Même si, fort heureusement, il est rare d’en arriver là, c’est une question que l’on peut se poser : quelle marge de manœuvre ont les parents sur leur succession vis-à-vis de leurs enfants ?
Peut-on décider de léguer tout son patrimoine non pas à ses enfants, mais à une œuvre caritative par exemple ? Nous avons posé ces questions à Angélique Sellier, responsable juridique chez Generali.

Les contraintes s’appliquant à l’affectation des biens

Le droit successoral définit une catégorie d’héritiers, les héritiers réservataires, qui recevront obligatoirement une certaine partie du patrimoine du défunt.
 
Ces héritiers sont en premier lieu les enfants du défunt s’il en avait. Le montant de la réserve héréditaire dépend du nombre d’enfants : elle est de la moitié de la succession pour un enfant, 2 tiers pour 2 enfants, 3 quarts pour 3 enfants et plus (ce montant est partagé à parts égales entre chaque enfant).

Si l’un des enfants est lui-même décédé, sa part de la réserve revient à ses représentants (par exemple ses propres enfants).
 

Si le défunt n’a pas d’enfants, la réserve héréditaire est attribuée au conjoint survivant. Elle est alors égale à 25 % de la succession.
Pour préparer sa succession, il convient donc de décider comment sera affecté le patrimoine restant après déduction de la réserve héréditaire : c’est la quotité disponible. La personne qui prépare sa succession a toute liberté pour l’affecter, soit de nouveau aux héritiers réservataires, soit à d’autres membres de sa famille, ou bien à toute autre personne ou institution.

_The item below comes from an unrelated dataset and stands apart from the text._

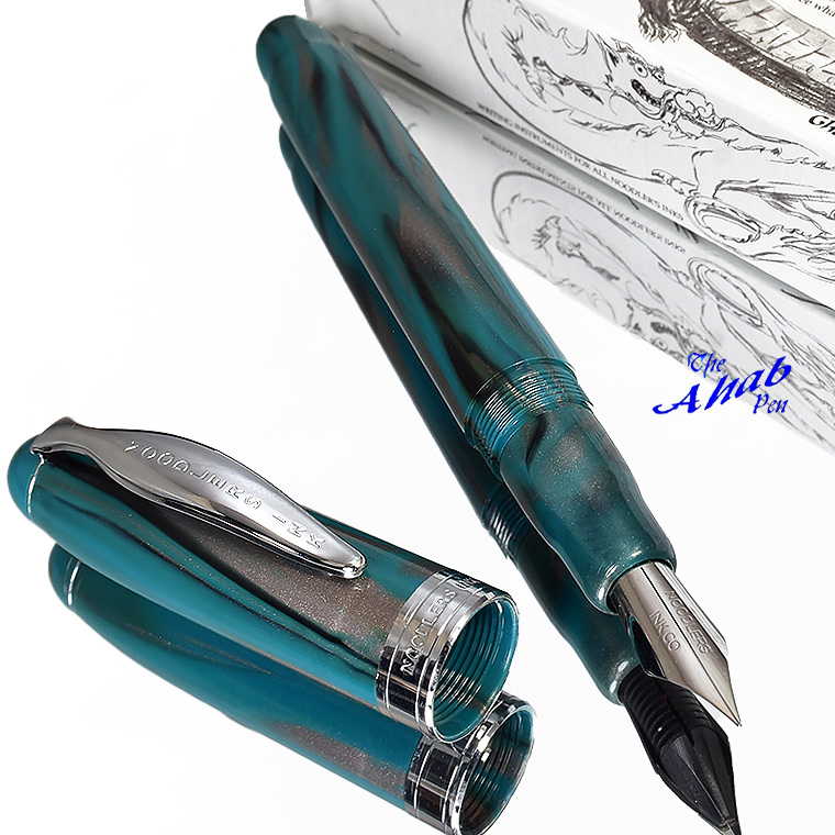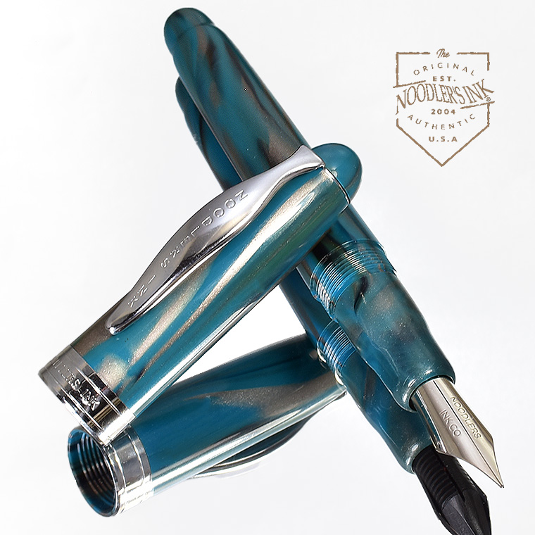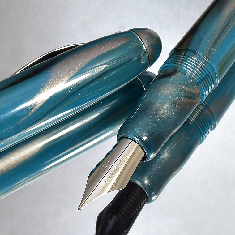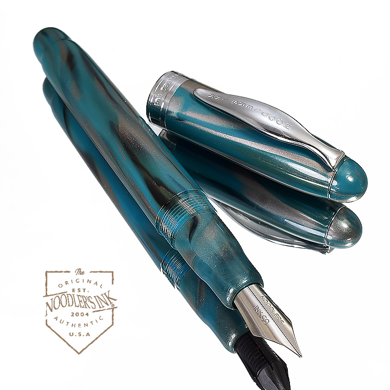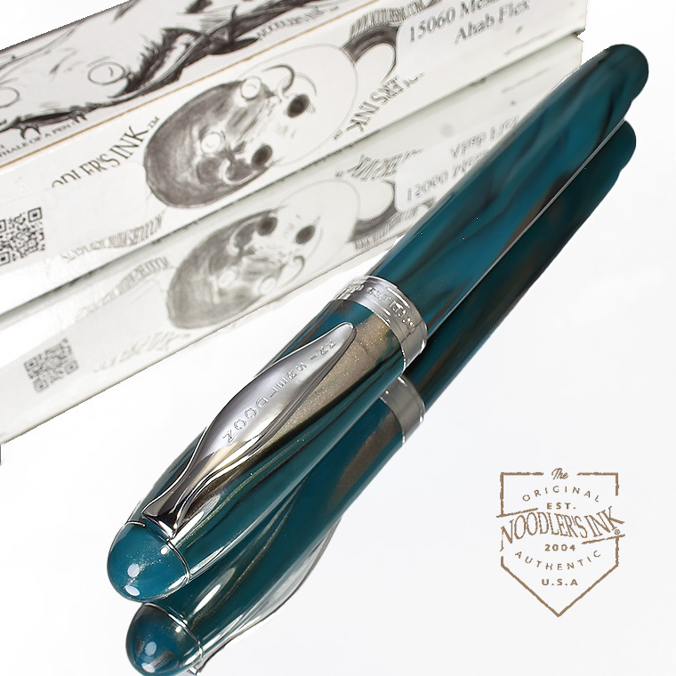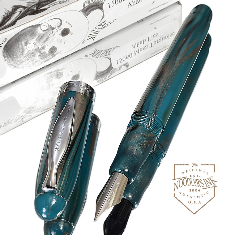 「フレックスニブ」シリーズ 万年筆 「Ahab」シリーズ ”15060 Mesa Turquoise” 「Ahab」シリーズのライナップ商品 文字幅を自由自在に書き分けられるフレックスニブ万年筆 今回は”各カラー限定1本のみでの入荷”となりますのでお見逃しなく! ![]() 万年筆の中でも特に表情豊かなラインを引くことのできる特殊なペン先を持った万年筆を ご紹介いたします。 今回、私たちhunnyhuntjpがお薦めするのは「フレックスニブ」システムを持つ万年筆です。 この万年筆は、私たち同様に柔軟性の高いペン先に魅了されたアメリカ合衆国テキサス州の 会社「NOODLERS INK」社が造っている Ahabシリーズ「Mesa Turquoise」です。 彼らのこだわりは「ニブ=Nib」はもちろんのこと、 そのニブを支える独自の「ペン芯=Feed」にもあり、独特な柔軟性を備えたこの会社の オリジナルで、 「ニブ」と「ペン芯」を合わせた「フレックスニブシステム」を 考案制作したところに面白さがあります。 私は自社ブランドのNIBを開発していく過程で、世界の様々な万年筆が作られてきた歴史を研究し、 その中でオリジナルとして開発されてきた様々なNIBを入手しテストしてきました。 その中で、特に注目しているのが、特別な「しなり」を持ったNIBたちなのです。 そこで、FLEX/フレックスNIBと呼ばれる特徴的な書き味を持ったニブに注目したのです。 ご存知の方もおられるでしょが、「フレックスニブ」は新しいものではなりません。 既に欧米の名だたる有名メーカーにもあります。 しかしながら、これらは強いて言えば「セミ・フレックスニブ」といい、 フレックスの幅に制限があるタイプなのです。 ![]() フレックスニブは、欧米の名門万年筆メーカーにとっても長年開発を続けているものなのです。 ビンテージ万年筆にもフレックスニブを備えたものがあり、今も注目されています。 私が求めているのは、こうした歴史を踏まえながら現代の技術と素材で作る 「フル・フレックスニブ」なのです。 誰でもが万年筆のより自由な書き心地を楽しめるように、 筆圧に応じて自由自在に文字幅に変化をつけて文字表現を楽しめる、 そういうフレックスニブです。 フレックスニブのクローズアップ ニブの開き具合文字の太さ ![]() そして出会ったのが、前述したアメリカのブランド「NOODLERS INK」の 「フレックスニブ」だったのです。とにかく面白しろいニブです。 そのタッチは独特で、あまり目にすることのないものです。 やや硬めのタッチで、通常はそのままで小さな文字も書けますし、 筆圧をあげれば、2mm字幅ぐらい(?)まで太く書き分けられます。 使い慣れると、これぞ万年筆と感じる人が多くいるのも特徴で、 万年筆の楽しさから抜け出せなくなる書き味です。マニアックですが、かなり魅力的なのです。 ペン先が紙に触れた瞬間の感触。指がペンにかけた圧力を押し返すニブの弾力。 その柔らかな反発力、わずかな力加減で、開いたり閉じたりするニブのスリット切れ目。 その切れ目を流れるインクが、小さく開いたり閉じたりするスリットの中で張力によって 広がるインクの動き、ペン先の動きに合わせて細い線からス-と太くなったり、 クモの糸のような細いラインになったり、紙の上にリズミカルに流れ出るインクのライン。 流れるような筆記体の文字を書くことができます。 この書き味は、線の太さに変化を付けると美しく見える「ひらがな」そしてもちろん漢字の表記に 丁度良いのです。アルファベットの筆記体にもいいですね。 最近の義務教育では、アルファベットの筆記体を習わなくなったと聞きました。 とても残念に思います。私は、アルファベットの筆記体や日本の行書体が好きです。 字の持つ意味だけではなく、文字の書かれる形状やスピード感、そこに感じる力の強弱が、 その字をその文章を書いた人の伝えたい気持ちを見た瞬間に感じることができる気がするからです。 気持ちのこもった文章とは、そういう書き手の息遣いが感じられるものですよね。 ![]() 今回ご紹介する「フルフレックスニブ」シリーズ 万年筆の 「NOODLERS INK」のAhabシリーズ「Mesa Turquoise」FlexNib は、 デザイン的には1940年代の大戦後の復興ドイツ時代いわゆる「アデナウアー時代」を 回顧した典型的なドイツデザインが用いられています。 だから極めてオーソドックスであり機能的な印象のフォルムになっているのです。 そしてボディ・キャップに高品質レジンが使われていて、軽量なのも特徴です。 ペン先は、NOODLERS INK オリジナル「フルフレックニブ」です。 大きめ15号サイズで、ステンレススチールに硬めのプラチナポイントになっています。 フレックスニブ特有のハート穴のない深い切割りのシンプルな仕組みです。 「NOODLERS INK CO」の刻印が唯一の装飾です。ボディサイズとも合っています。 ![]() 吸入方式は ピストンフィラー式 円滑に動かせために特殊なシリコングリスが塗布されています。 少しスパイシーな香りがしますがご了承ください。 フレ

Néanmoins, les droits de succession qui s’appliquent sont plus élevés lorsque le destinataire n’a pas de lien de parenté avec le défunt.

Peut-on ignorer la réserve héréditaire ?

La réserve héréditaire ne peut pas être contournée dans le testament, même avec le consentement des héritiers réservataires concernés. Toutefois, après le décès, tout héritier a la possibilité de renoncer à un héritage.

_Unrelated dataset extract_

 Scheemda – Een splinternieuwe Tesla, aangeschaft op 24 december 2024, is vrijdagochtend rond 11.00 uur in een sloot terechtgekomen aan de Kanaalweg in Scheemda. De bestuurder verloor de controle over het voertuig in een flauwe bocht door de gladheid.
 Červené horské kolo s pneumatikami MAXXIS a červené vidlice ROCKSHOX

D’autre part, il existe certains cas dans lesquels l’héritier réservataire ne touchera pas l’héritage : s’il a été condamné pour certains faits qui le rendent « indigne à succéder ». Il s’agit de faits relativement graves dont la liste limitative est donnée par le Code Civil, par exemple si l’enfant a porté atteinte physiquement à l’un de ses parents, ou a réalisé un témoignage mensonger contre lui.

Déshériter ses enfants au profit de ses petits-enfants ?

Si l’enfant est vivant, il est héritier réservataire, ses propres enfants ne le sont pas. Il ne peut donc pas être exclu de la succession par testament. Néanmoins, au moment du décès, le descendant direct peut choisir de renoncer à la succession pour qu’elle revienne directement à ses propres enfants.

Comment être sûr de l'affectation de ses biens ?

Oui, dans la mesure où le montant minimum de la réserve est respecté pour chaque héritier réservataire, le testament peut définir quel bien est affecté à quel héritier. Il est possible pour un ou plusieurs héritier(s) réservataire(s) d’aller au-delà du seuil de la réserve (même de manière inégale entre eux), mais jamais en-deçà.

 

L’assurance vie peut-elle constituer un bon moyen pour optimiser sa transmission ?

L’assurance vie est en effet un excellent moyen de préparer sa transmission, surtout si l’on s’y prend tôt, grâce à un régime fiscal avantageux.

Une assurance vie se place en dehors de la succession et par conséquent n’est pas prise en compte dans le calcul de la réserve héréditaire. Néanmoins ce contrat ne doit pas être utilisé pour contourner les règles successorales.

Les héritiers ou l’administration fiscale peuvent saisir la justice si l’assurance vie a manifestement été souscrite pour éluder la réserve héréditaire. C’est le cas par exemple si l’assurance vie a été souscrite peu avant le décès, avec des primes très importantes et au bénéfice d’une tierce personne non réservataire.